I must conclude here . . . that the Constitution makes no distinction between capital and noncapital cases. The Fourteenth Amendment requires due process of law for the deprival of "liberty" just as for deprival of "life," and there cannot constitutionally be a difference in the quality of the process based merely upon a supposed difference in the sanction involved. How can the Fourteenth Amendment tolerate a procedure which it condemns in capital cases on the ground that deprival of liberty may be less onerous than deprival of life—a value judgment not universally accepted or that only the latter deprival is irrevocable? I can find no acceptable rationalization for such a result, and I therefore concur in the judgment of the Court.

Questions to Consider
  1. Justice Clark agrees with the other justices that Betts v. Brady should be overturned. However, he cites a different reason. What reason does he give? 
  2. Do you agree or disagree with Justice Clark's reasoning? Explain. 

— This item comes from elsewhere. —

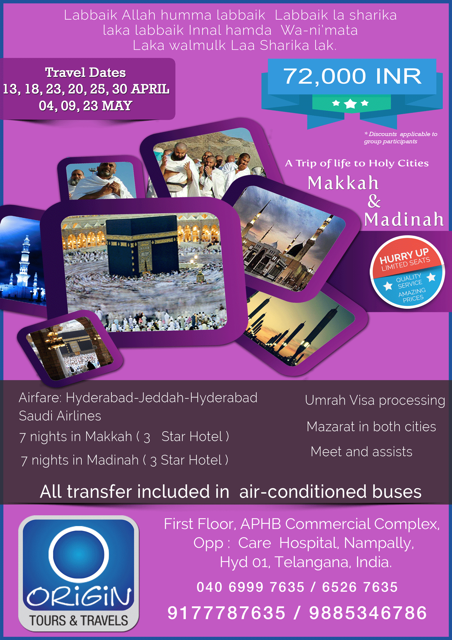 Tours Origin Groups is dedicated to provide exclusive Hajj & Umrah services to the best quality and price and ensure your holy trip is worry free with specially arranged care free airport to airport facilitating packages; we are there for your service round the clock Tours Origin Groups philosophy is to maintain the highest standards in personalized customer service with our professional experience. We are dedicated to continuing to be a valuable resource to our clients by delivering convenience, comfort and cost saving.

Justice Harlan wrote a concurring opinion

. . . .

. . . In 1932, in Powell v. Alabama, . . . a capital case, this Court declared that under the particular facts there presented—"the ignorance and illiteracy of the defendants, their youth, the circumstances of public hostility . . . and above all that they stood in deadly peril of their lives"—the state court had a duty to assign counsel for the trial as a necessary requisite of due process of law.

. . . .

Thus when this Court, a decade later, decided Betts v. Brady, it did no more than to admit of the possible existence of special circumstances in noncapital as well as capital trials, while at the same time insisting that such circumstances be shown in order to establish a denial of due process.

. . . .

The Court has come to recognize, in other words, that the mere existence of a serious criminal charge constituted in itself special circumstances requiring the services of counsel at trial.

. . . .

The special circumstances rule has been formally abandoned in capital cases, and the time has now come when it should be similarly abandoned in noncapital cases, at least as to offenses, which, as the one involved here, carry the possibility of a substantial prison sentence.

. . . .

In agreeing with the Court that the right to counsel in a case such as this should now be expressly recognized as a fundamental right embraced in the Fourteenth Amendment, I wish to make a further observation. When we hold a right or immunity, valid against the Federal Government, to be "implicit in the concept of ordered liberty" and thus valid against the States, I do not read our past decisions to suggest that by so holding, we automatically carry over an entire body of federal law and apply it in full sweep to the States. Any such concept would disregard the frequently wide disparity between the legitimate interests of the States and of the Federal Government, the divergent problems that they face, and the significantly different consequences of their actions.

. . . .

On these premises I join in the judgment of the Court.

Questions to Consider
  1. What are Justice Harlan's beliefs regarding "special circumstances?" 
  2. Some people believe that the passage of the Fourteenth Amendment meant that all of the rights in the Bill of Rights applied to the states, and not just the federal government. Why is Justice Harlan hesitant to make this generalization?